Wife Jan is just getting over the flu and she wanted “real” food, but was concerned about moving too fast off of a bland diet. Stir-fries are infinitely variable—What do you have? What do you need? What blend of sauces would go with these decisions. Today’s answers were cod, Shanghai bok choy, napa cabbage, and shiitake mushrooms, and a few green onion tops—flavorful, but easy to digest. For the sauce, I decided on a base of oyster sauce with soy sauce, and a bit of ginger —avoiding my usual addition of chili garlic sauce.
Note: While I used cod, this recipe will work with any firm white fish.
Karl’s Fish Stir-Fry
¼ cup oyster sauce
2 Tbs. soy sauce
1 Tbs. fresh ginger, shredded
¼ cup water
1 lb. cod, cut into 1 inch pieces
½ tsp. Kosher salt
1 Tbs. corn starch
3 Tbs. peanut or vegetable oil, separate uses
2 shiitake mushrooms, shredded
1 Shanghai bok choy, cut into 1 inch pieces, stalks and greens kept separately
½ cup napa cabbage, shredded
2 green onions, tops only cut into 1 inch pieces
1. Measure the sauce ingredients into a small cup and set it aside.
Tip: Always prepare your stir-fry sauce before you start, because once you start cooking there is no time to measure anything.
Note: Of course, if you are a “fly by the seat of your pants” type of person you can say, “Measuring spoons? We do need no measuring spoons!”
2. Pat the fish dry with a paper towel and sprinkle the salt and corn starch over it.

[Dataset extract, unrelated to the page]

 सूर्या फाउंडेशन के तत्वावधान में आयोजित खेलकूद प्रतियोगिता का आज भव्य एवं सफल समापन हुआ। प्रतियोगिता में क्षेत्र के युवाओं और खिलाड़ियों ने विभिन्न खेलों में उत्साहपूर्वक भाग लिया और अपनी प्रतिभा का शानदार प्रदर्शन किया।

Tip: Toss the fish to completely coat the fish cubes with the cornstarch.
Note: You will be pre-frying the fish, before stir-frying the vegetables. The corn starch helps keep the pieces of fish intact, rather than flaking into small bits in your dish as you cook it.
3. Heat two tablespoons of oil in a large sauté pan, over medium high heat, and add the fish cubes.

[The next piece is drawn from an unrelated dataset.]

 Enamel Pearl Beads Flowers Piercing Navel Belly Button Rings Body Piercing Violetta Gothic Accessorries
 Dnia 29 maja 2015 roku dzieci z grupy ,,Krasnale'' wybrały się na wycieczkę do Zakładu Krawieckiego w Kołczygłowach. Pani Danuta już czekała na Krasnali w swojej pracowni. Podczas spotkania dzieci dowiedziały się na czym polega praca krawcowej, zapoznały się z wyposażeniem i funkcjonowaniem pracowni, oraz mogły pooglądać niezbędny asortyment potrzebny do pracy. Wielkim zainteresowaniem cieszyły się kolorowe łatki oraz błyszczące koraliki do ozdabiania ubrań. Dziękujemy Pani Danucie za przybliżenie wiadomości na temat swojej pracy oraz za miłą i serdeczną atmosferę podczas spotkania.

4. Cook the fish for 1-2 minutes per side and then remove them to a bowl.
Tip: You want to be careful not to overcook the fish. Do not fry the fish so long that the cornstarch coating browns.
5. Wipe the pan clean and add the remaining oil.
6. When the oil is hot add the mushrooms and fry them for one minute.
Tip: You want the mushrooms to be well browned on the first side.
7. Flip the mushrooms over and add the bok choy stalks.
8. Leave the stalks alone to fry for two minutes.
Tip: This is to give the mushrooms time to brown on the second side and to give the thick stalks a jump start, before adding the leafy vegetables.
9. Add the bok choy green and cabbage to the pan and start stir-frying, for 2-3 minutes.
10. Return the fish to the pan and add the green onions.
11. Continue stir-frying for another minutes.
12. Add the sauce to the pan and toss to coat the fish and vegetables.
Tip: The corn starch on the fish will quickly thicken the sauce.
13. Serve immediately over steamed rice.